# Euro Draftee's



## <<<D>>> (Jul 15, 2002)

http://www.hoopshype.com/draftees.htm


----------



## JGKoblenz (Jul 19, 2002)

> 1. Luis Scola 6-9 PF Tau Ceramica (Spain)
> Statistics: 20.0 ppg, 4.5 ppg, 65.2 FG% / Selected by the San Antonio Spurs as 56th overall pick
> After selecting Emanuel Ginobili in 1999, the Spurs made their second Argentinean steal in the NBA Draft by picking Luis Scola last June. An average defender even for European standards, Scola is also extremely skilled on the offensive end. He has great footwork, excellent touch around the rim and is developing an effective 30-foot jump shot. Former Hawk Hanno Mottola plays behind the 6-9 forward in his team.

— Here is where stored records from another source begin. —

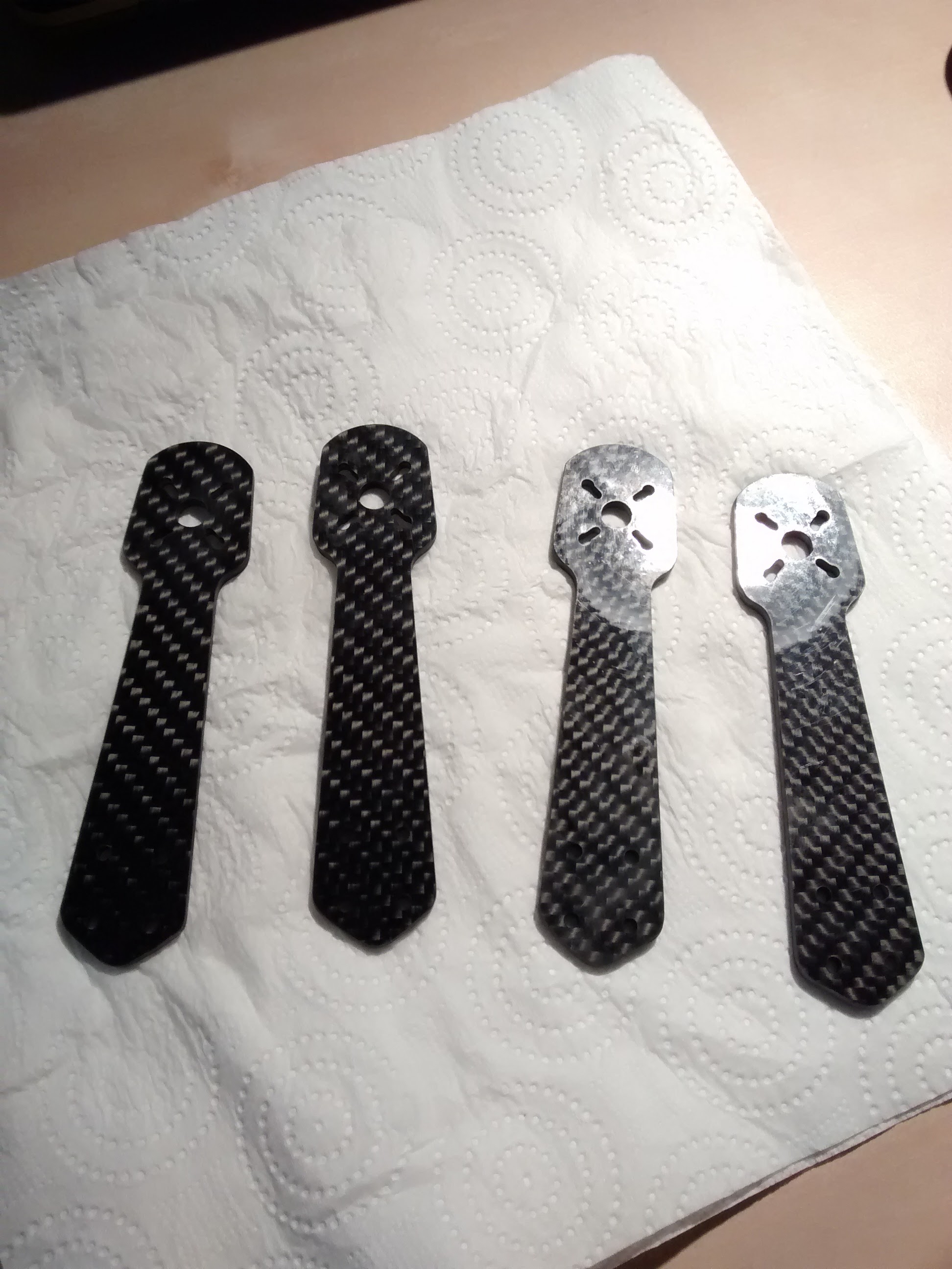 Carbon fibre machining, using spray adhesive to tack to a scrap piece of MDF and clamping only the wood down. 2mm 2 flute end mill, 400mm/min (conservative) and 1mm doc. Use white spirit to clean spray adhesive off parts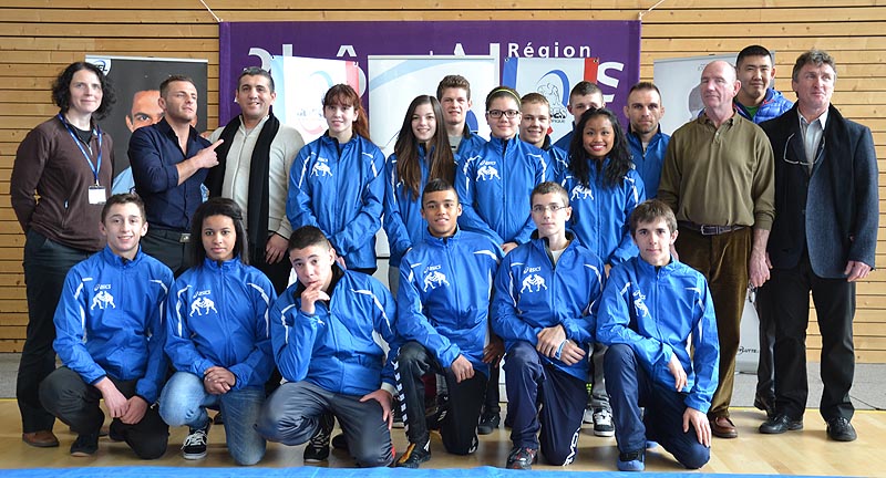Le départ de la grande opération internationale "lutter autour du monde" (Wrestling around the world) a été donné ce mardi 22 avril 2014 au siège de la fédération Française de lutte à Paris par le président Alain Bertholom. Trois jeunes Réunionnais, Emilie Robert (Lutte club Saint-Joseph), Valentin Damour (Lutte club Saint-Joseph) et Camille Clain (Lutte club dionysien) font partie des 15 jeunes lutteurs français sélectionnés pour ce tour du monde (Les lutteurs qui vont participer au Wrestling around the world - Photo D.R.)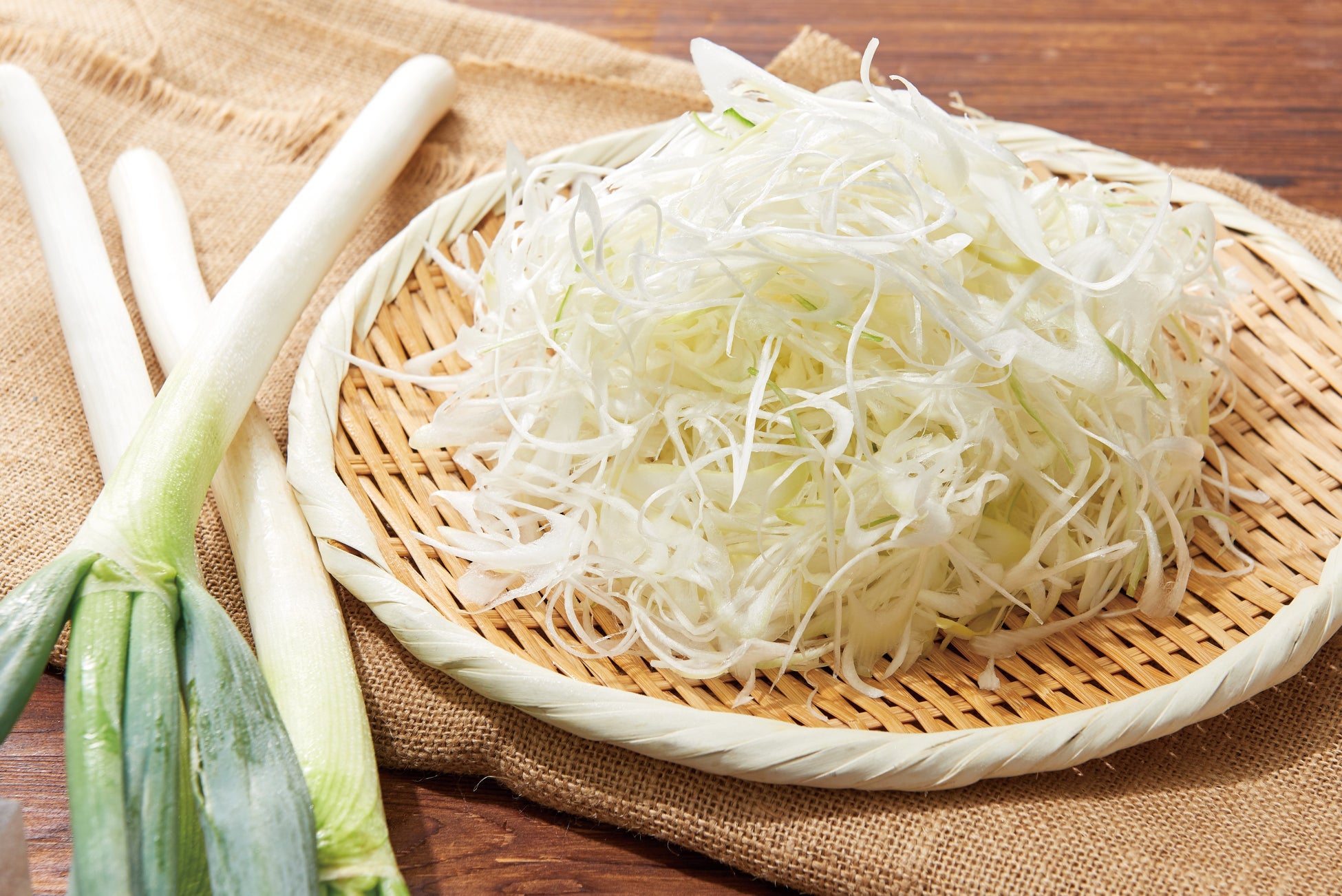 1本1本、特別な刃で斜め切りをしています。洒落ねぎという名前は、「鍋に浮かべたときに『しゃらしゃ』と音がするくらい薄い切り方をしている」ことに由来します。鍋に入れるとだしに良く絡み、お肉で巻いて食べると、だしも一緒に口に運んでくれます。

I have a feeling that he will make an instant impact on the NBA. 

Here are the others listed on Hoops Hype...

Milos Vujanic 6-3 PG Partizan Belgrade (Yugoslavia)
Nenad Krstic 6-11 PF Partizan Belgrade (Yugoslavia)
Darius Songaila 6-10 PF CSKA Moscow (Russia)
Juan Carlos Navarro 6-4 SG FC Barcelona (Spain)
David Andersen 6-10 PF Kinder Bologna (Italy)
Mladen Sekularac 6-8 SG
Federico Kammerichs 6-9 SF Pamesa Valencia (Spain)
Mario Kasun 7-1 C Frankfurt Skyliners (Germany)
Peter Fehse 7-0 C Frankfurt Skyliners (Germany)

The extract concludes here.